Jean-Loup Passek, director do Museu de Cinema de Melgaço, foi homenageado pela Cinemateca Portuguesa, que recebeu na ocasião a presença de uma das figuras mais importantes do cinema francês dos últimos 50 anos, Marin Karmitz, realizador, produtor, distribuidor e exibidor. Quem não conhece o logotipo da sua companhia, a MK2? Num encontro muito agradável, na livraria da Cinemateca, Karmitz falou-nos da sua passagem pelo nosso país e da situação atual do cinema francês.

 

O Jean-Loup Passek apaixonou-se por Portugal, ao ponto de aqui instalar o seu museu de cinema. No seu caso, que contactos teve antes com o nosso país?

 

O meu primeiro encontro com Portugal foi assim.
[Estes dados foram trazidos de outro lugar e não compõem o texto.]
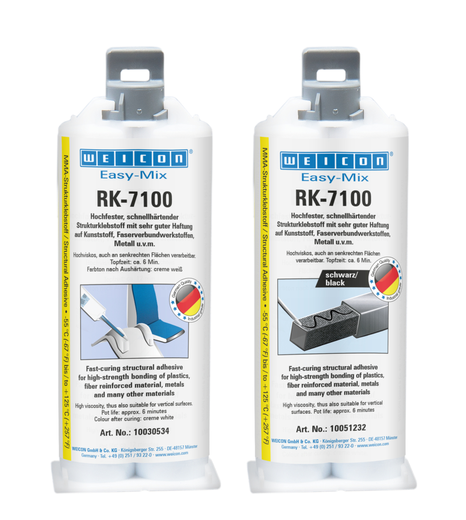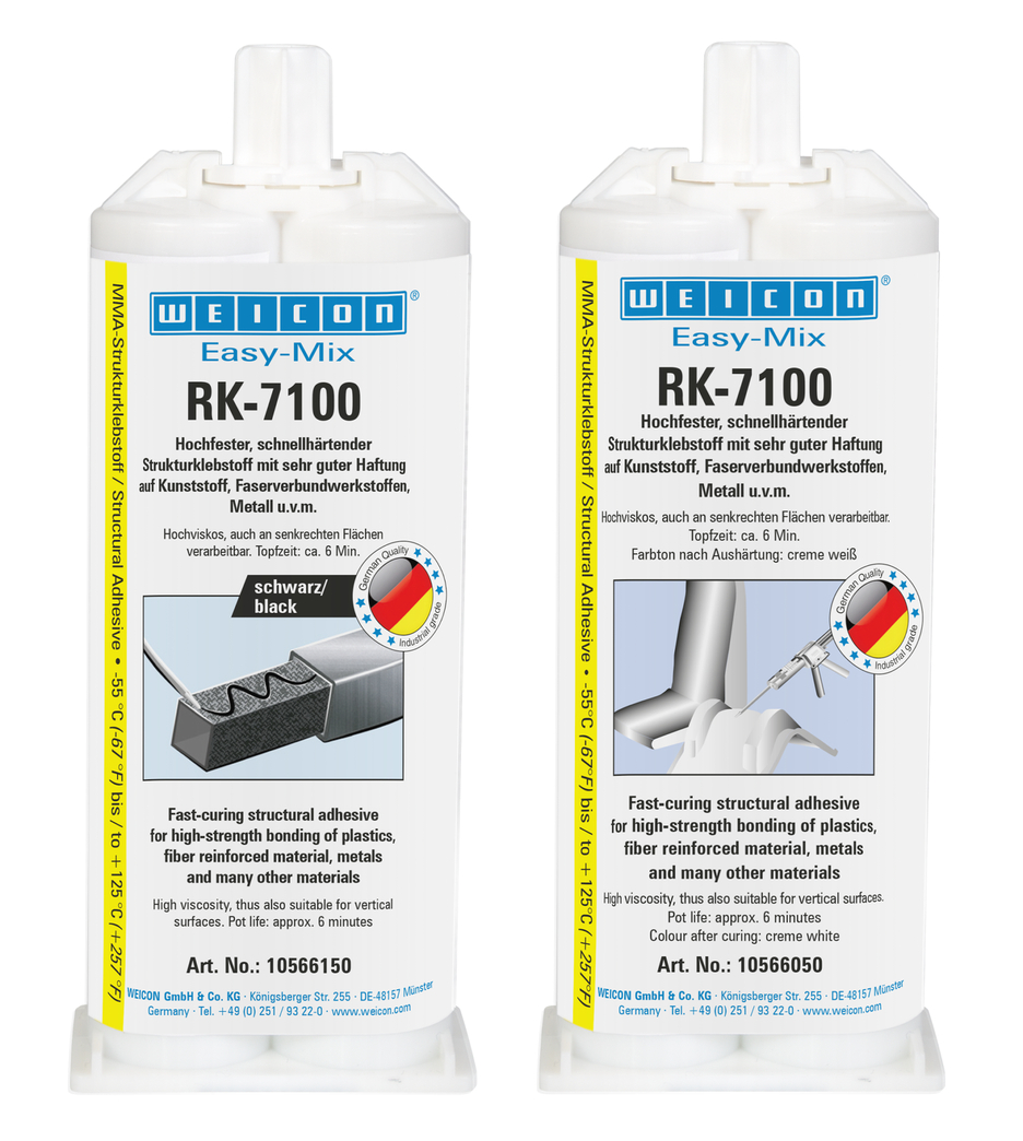 De acrylaat structurele lijm WEICON RK-7100 verbindt vele materialen, zoals kunststoffen, metalen of keramiek, aan en met elkaar met een hoge trek-, afschuif- en afpelsterkte. De lijm is bijzonder geschikt voor structurele verlijmingen waarbij verbindingen met hoge sterkte vereist zijn. De lijm is zeer viskeus en daarom ook geschikt voor gebruik op verticale oppervlakken. RK-7100 is universeel toepasbaar en kan bijvoorbeeld worden gebruikt in de kunststoftechnologie, metaalbouw, carrosserie- en voertuigbouw, machinebouw, elektrotechniek, model- en matrijzenbouw of in de beurs- en tentoonstellingsbouw. Het Easy-Mix D 50 doseerpistool is nodig voor het verwerken van Easy-Mix producten in 50 ml verpakkingen.

Eu tinha acabado de fazer um filme que se chamava “Coup Pour Coup”. Fui convidado para vir falar do filme, porque estreava numa sala de cinema. Era o Cunha Telles que o distribuía. E cheguei no dia da Revolução dos Cravos, pela qual me deixei levar. Era para ficar 24 horas, fiquei duas semanas, em que vivi momentos extraordinários, com pessoas extraordinárias. Para mim, foi um momento inesquecível. Achei tão magnífico que até fiz um filme. Fui ao hotel onde estavam jornalistas a jogar às cartas e disse-lhes que não podiam ficar ali e fui apresentá-los às pessoas que tinha encontrado. Tinham de sair dali, pegar nas câmaras e nas esferográficas e fazer qualquer coisa. Foi o que fiz. Com um jornalista do Libération e um outro do Nouvel Observateur, e dois repórteres da televisão alemã que tinham o equipamento, fiz um filme, que se chamou “Viva Portugal”. Mas esta é uma história antiga.

 

Há uma mais moderna?

 

Tenho uma paixão pessoal pela pintura, pelo desenho, pela fotografia. Fui convidado a ser Comissário de uma exposição que foi mostrada primeiro no Museu de Arte Moderna de Estrasburgo, e que se chamava “Silences”. E o director do Museu Berardo convidou-me para a trazer aqui. Passei aqui quinze dias a organizar essa exposição, que muitos jornais consideraram a melhor do ano. É uma segunda grande recordação. Fiquei muito satisfeito de o ter feito. E a terceira grande recordação é a descoberta neste momento da Cinemateca, que não conhecia.

 

No que diz respeito ao seu trabalho como produtor, distribuidor e exibidor, que relação tem mantido ao longo dos tempos com o cinema português?

 

Fiz poucas coisas. Distribuí em França um filme produzido pelo Paulo Branco, o “Dans la Ville Blanche”, do Alain Tanner. E fiz um filme do Paulo Rocha Nas minhas salas em França mostrámos vários filmes portugueses mas não conheço muito bem o cinema português.

 

Há dois ou três anos anunciou que ia deixar de produzir, em função do estado actual do cinema francês. Pode descrever um pouco essa situação?

 

Foi um trabalho longo e difícil, mas transmiti a MK2 aos meus filhos, porque eles tinham vontade de continuar. E para eles rapidamente se colocou a questão seguinte: onde é que estamos, em termos da situação económica do cinema francês. E demo-nos conta, face à dimensão da empresa, que estávamos a produzir e a distribuir em grande parte apenas para cobrir as despesas de funcionamento. Era uma espécie de corrida, para conseguir pagar os custos de funcionamento. E eu tenho um ódio enorme a todas as instituições que gastam entre 50 e 90%, em alguns casos, apenas nos seus custos de funcionamento. E o resto, muito pouco, na criação. Estamos num caminho muito mau.

 

A que se deve essa situação?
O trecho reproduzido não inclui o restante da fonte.